In this homework problem, I'm asked to find the solution to the following augmented matrix that represents a system of linear equations. Extracting the solution from the matrix isn't a problem, so I'll just show you guys how I got to my reduced echelon form.
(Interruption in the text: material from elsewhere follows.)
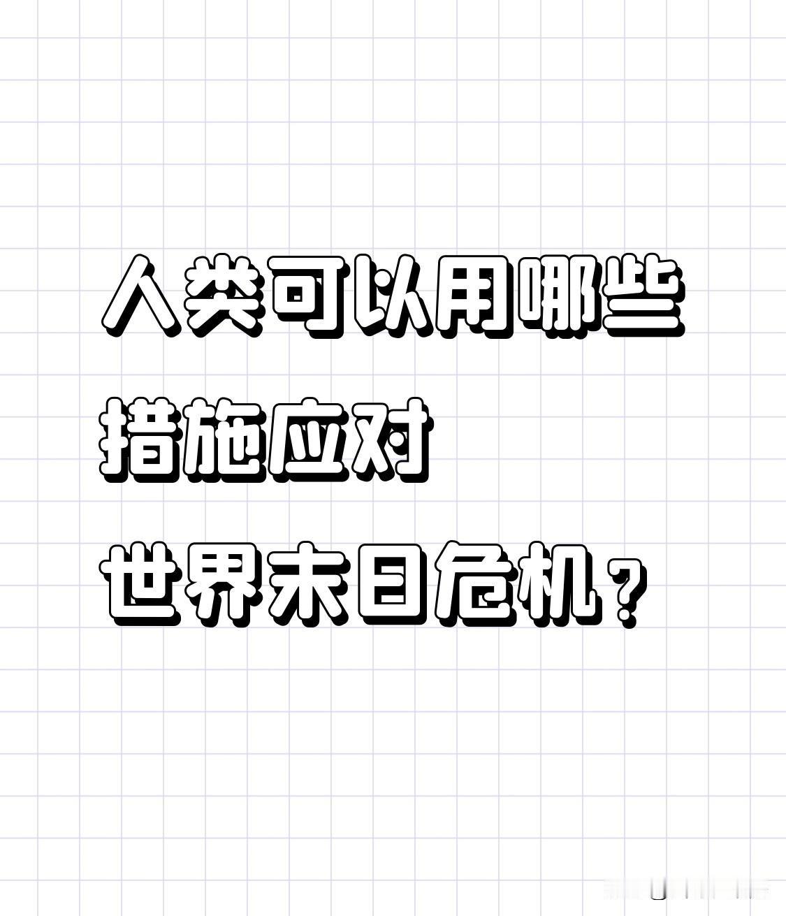 人类可以用哪些措施应对世界末日危机?面对可能的世界末日危机,人类可以从科技、生态、社会和国际合作等多个方面采取措施: 科技层面 ● 太空探索与殖民 ○ 建立太空基地:在月球、火星等天体建立科研和生活基地,作为人类的“备份”。例如,美国国家航空航天局(NASA)和SpaceX等机构都在积极推进火星探索和殖民计划。 ○ 小行星防御:研发能够监测和改变小行星轨道的技术,如使用引力牵引器、动能撞击器等,避免小行星撞击地球。 ● 能源技术革新 ○ 开发可再生能源:加大对太阳能、风能、水能、生物能等可再生能源的研发和利用,减少对化石燃料的依赖,降低能源危机风险。 ○ 探索新型能源:如可控核聚变,若能实现商业化应用,将为人类提供几乎无限的清洁能源。 生态层面 ● 环境保护与修复 ○ 应对气候变化:通过减少温室气体排放、增加森林覆盖等方式,减缓全球气候变暖的速度,降低极端气候事件的发生频率。 ○ 保护生物多样性:建立自然保护区、加强对濒危物种的保护和研究,维护生态系统的平衡和稳定。 ● 可持续发展 ○ 推行循环经济:减少资源浪费和环境污染,实现资源的高效利用和循环利用。 ○ 发展生态农业:采用生态友好的农业生产方式,减少化学农药和化肥的使用,保障粮食安全。 社会层面 ● 教育与意识提升 ○ 普及科学知识:提高公众对世界末日危机的认识和理解,增强应对危机的意识和能力。 ○ 培养危机意识:通过教育和宣传,让人们意识到危机的潜在威胁,提高全社会的应急响应能力。 ● 储备与应急管理 ○ 建立物资储备体系:储备足够的食品、药品、能源等物资,以应对可能的全球性灾难。 ○ 完善应急响应机制:制定应急预案,加强应急演练,提高政府和社会的应急处置能力。 国际合作层面 ● 信息共享与交流 ○ 建立全球监测网络:共享关于天文、气候、环境等方面的监测数据,及时发现潜在的危机。 ○ 加强科研合作:各国科学家共同开展研究,分享科研成果,提高应对危机的科技水平。 ● 制定国际规则与协议 ○ 应对全球性问题:如气候变化、核安全等,通过国际协议和规则来规范各国行为,共同应对挑战。 ○ 协调资源分配:在危机发生时,合理分配全球资源,确保各国能够共同度过难关。

$\left[\begin{array}{c c c c c} 3 & 3 & 6 & 12 \\ -6 & -6 & -12 & -24 \\ 0 & -4 & -12 & 16 \\ \end{array}\right]$
Here is my thought process:
I see that the 2nd row is simply a scalar multiple of the first, so that will turn into a row of zeros and move to the bottom. Further, the first and third rows (in the original matrix) can be divided by scalars $3$ and $4$, respectively. So far, we have
$\left[\begin{array}{c c c c c} \color{red}3 & \color{red} 3 & \color{red} 6 & \color{red}{12} \\ \color{blue}{-6} & \color{blue}{-6} & \color{blue}{-12} & \color{blue}{-24} \\ \color{green}{0} & \color{green}{-4} & \color{green}{-12} & \color{green}{16} \\ \end{array}\right] \sim \left[\begin{array}{c c c c c} \color{red}1 & \color{red}{1} & \color{red}{2} & \color{red}{4} \\ \color{green}{0} & \color{green}{-1} & \color{green}{-3} & \color{green}{4} \\ \color{blue}0 & \color{blue}0 & \color{blue}0 & \color{blue}0 \end{array}\right]$
Now we replace row 2 with the sum of rows 1 and 2, and get
$\left[\begin{array}{c c c c c} 1 & 1 & 2 & 4 \\ 0 & 0 & -1 & 8 \\ 0 & 0 & 0 & 0 \\ \end{array}\right]$
Finally, we add replace row 1 with sum of twice row 2 and row 1 to get the following reduced echelon form:
$\left[\begin{array}{c c c c c} 1 & 1 & 0 & 20 \\ 0 & 0 & -1 & 8 \\ 0 & 0 & 0 & 0 \\ \end{array}\right]$
Apparently, the correct reduced echelon form is
$\left[\begin{array}{c c c c c} 1 & 0 & -1 & 8 \\ 0 & 1 & 3 & -4 \\ 0 & 0 & 0 & 0 \\ \end{array}\right]$
I can see that the discrepancy results from my second step: instead of replacing row 2 with the sum of rows 1 and 2, it seems it is correct to replace row 1 instead with the same row operation. But why is what I did wrong?